I closed my eyes tight, trying to block out the world. “You should hate me,” I whispered brokenly against him. “I h-hate me, Nik. I hate me.”

“No, baby girl. No. I could never hate you. There’s nothing to hate you over. You didn’t do anything wrong.” I felt his lips against my temple and I started to shake uncontrollably. “Mia’s safe, Em. She’s safe, but she needs you. She thinks that you’re mad at her. Please, sweetheart. Come back to the bus with me and talk to her.”

Those words were like a dagger to my heart. Ah, fuck. Mia, I’m so sorry. So. Fucking sorry. I had been hiding from everyone, but mostly myself. In my cowardice I’d hurt Mia even more than she probably already was. I couldn’t let my precious little girl think that I was mad at her. None of this was her fault. None of it. She’d just had the misfortune of being born to me, a woman who sucked as a mother and was hated by half the world for being one of the biggest bitches to ever walk the planet.

This was all on me.

I couldn’t let her go on thinking that for a second longer. I needed to hold her, rock her in my arms and tell her how much I loved her. She might not have won the lottery by getting me for a mom, but I’d sure won something amazing the day the doctors had put her in my arms.
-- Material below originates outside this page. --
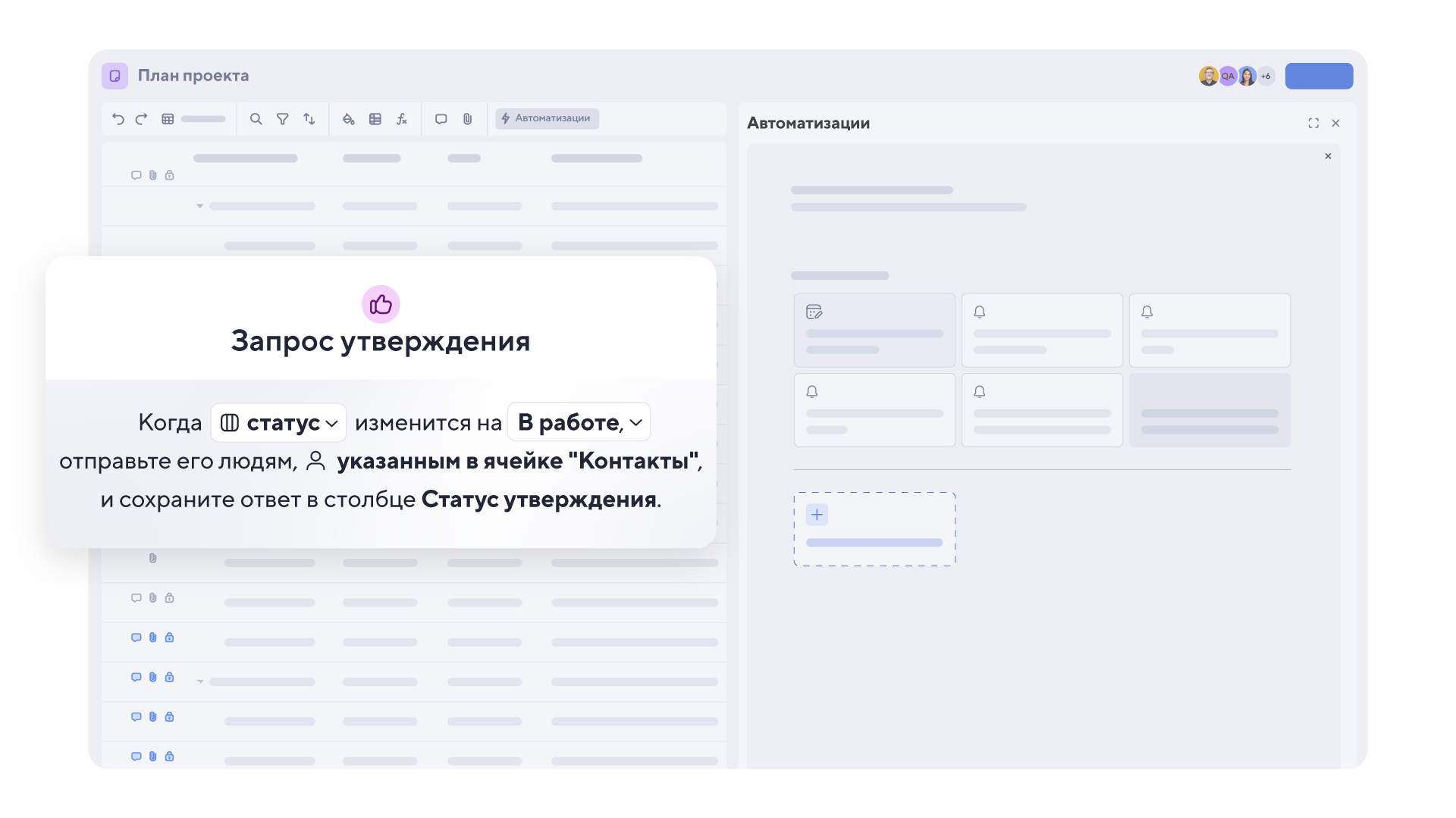 Автоматизируйте повторяющиеся задачи, экономьте время и сокращайте количество задач, которые выполняются вручную. Получайте аналитические данные для принятия обоснованных решений и выявления тенденций. ИИ Smartsheet точно и эффективно обрабатывает сложные вычисления с помощью автоматизированных формул, чтобы вы могли сосредоточиться на наиболее важной работе. Подробнее о функциях на основе ИИ — в блоге Перспективы Smartsheet.

Swallowing back yet another sob, I lifted my head and nodded. “O-okay,” I muttered and saw relief flood Nik’s face.

He gave me a grim smile and linked our fingers together as he pulled me out of the room. Drake, Shane, and Jesse followed us out and onto the elevator. None of them spoke a word as we rode down to the ground floor. I could feel the tension rolling off of all four of my guys, but for once I couldn’t do anything to help ease their minds. I was useless right then. To them. To Mia.

To myself.

The ride back to the buses was short and quiet. I held onto Nik’s hand like the lifeline it was for me. His thumb rubbed small circles on the back of my hand and normally it would have soothed me, but not today. Maybe not ever again. I couldn’t understand how he couldn’t hate me when I was full of so much of it at myself. How could he still love me after I’d put our child at risk? How?

I wanted to scream the question at him, but was too scared of his answer. Maybe he didn’t love me anymore after this, and I knew I would have deserved that, but I was desperate to hold on to it. If I didn’t ask him, then I could live in blissful ignorance.
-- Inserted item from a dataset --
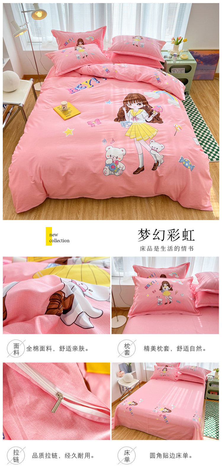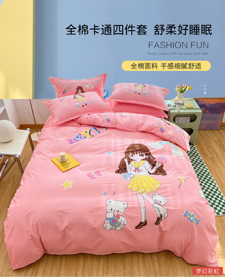 当前位置: 91家纺网 > 商品网购 > 床品套件 > 四件套 > 全棉普通四件套 > 金爱家 2023新款大版纯棉卡通四件套 梦幻彩虹
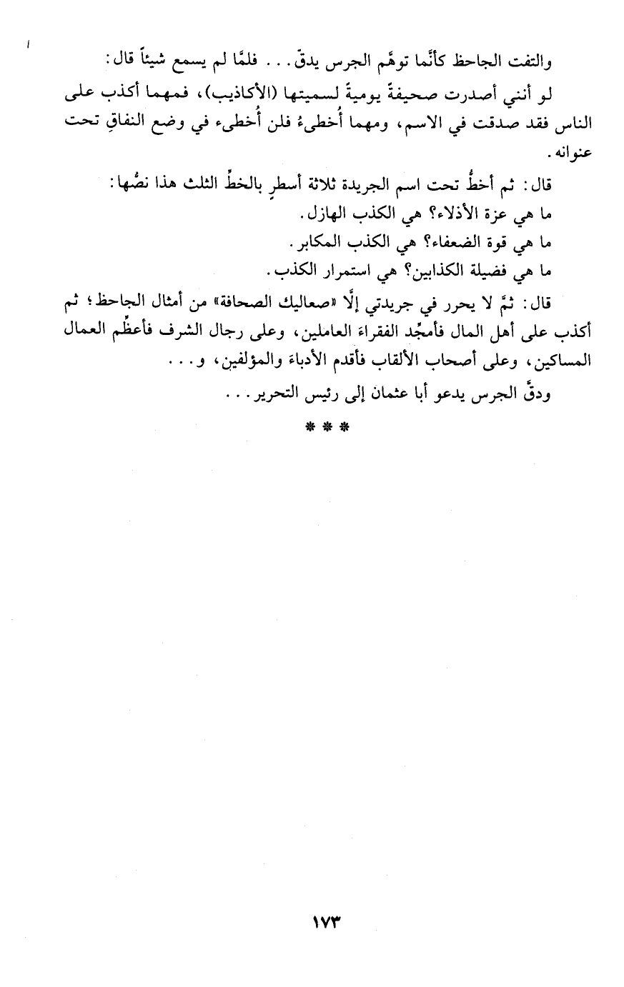 قال: ثم لا يحرر في جريدتي إلا "صعاليك الصحافة" من أمثال الجاحظ؛ ثم أكذب على أهل المال فأمجد الفقراء العاملين، وعلى رجال الشرف فأعظم العمال المساكين، وعلى أصحاب الألقاب فأقدم الأدباء والمؤلفين، و ...

Reaching the buses, I took my time getting out of the back of the SUV one of Seller’s men had driven us in. The four big men stood waiting for me as I stepped down, blocking my path to the bus that I’d called home for the entire summer. I kept my gaze lowered, not having the strength to look any one of them in the eyes and see the loathing that I knew must be there.

When I tried to move around Jesse, he caught hold of my arm and held on just tight enough to let me know he meant business. I’d never had a father before, but if anyone had ever been a father-like figure in my life, it was Jesse Thornton. He had loved me like his own from the time I was five. I felt Nik’s heat at my back and saw Shane and Drake coming up on either side of me. They were all ganging up on me all of a sudden.
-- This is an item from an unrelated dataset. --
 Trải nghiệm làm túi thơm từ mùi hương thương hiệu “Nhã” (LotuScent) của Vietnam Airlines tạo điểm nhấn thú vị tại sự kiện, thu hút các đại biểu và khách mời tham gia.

Jesse lifted his free hand and cupped my chin, lifting my head and forcing me to look him in the eye. “I can see the wheels turning in that pretty head of yours, Em. Listen to me. This wasn’t your fault. It wasn’t yours, or Mia’s or Shane’s. The only blame is on the bitch who did this to us. And she did it to us all, honey. We’re a family and that means we all stick together, no matter what.” His eyes were midnight black, and I knew his pain matched my own and that they were all feeling the same thing I was. Violated. Scared. Pissed the fuck off. “I love you, Emmie. We all love you. Don’t you forget that, do you hear me? Don’t forget that. Nothing you do will ever change that. Nothing. I swear it.”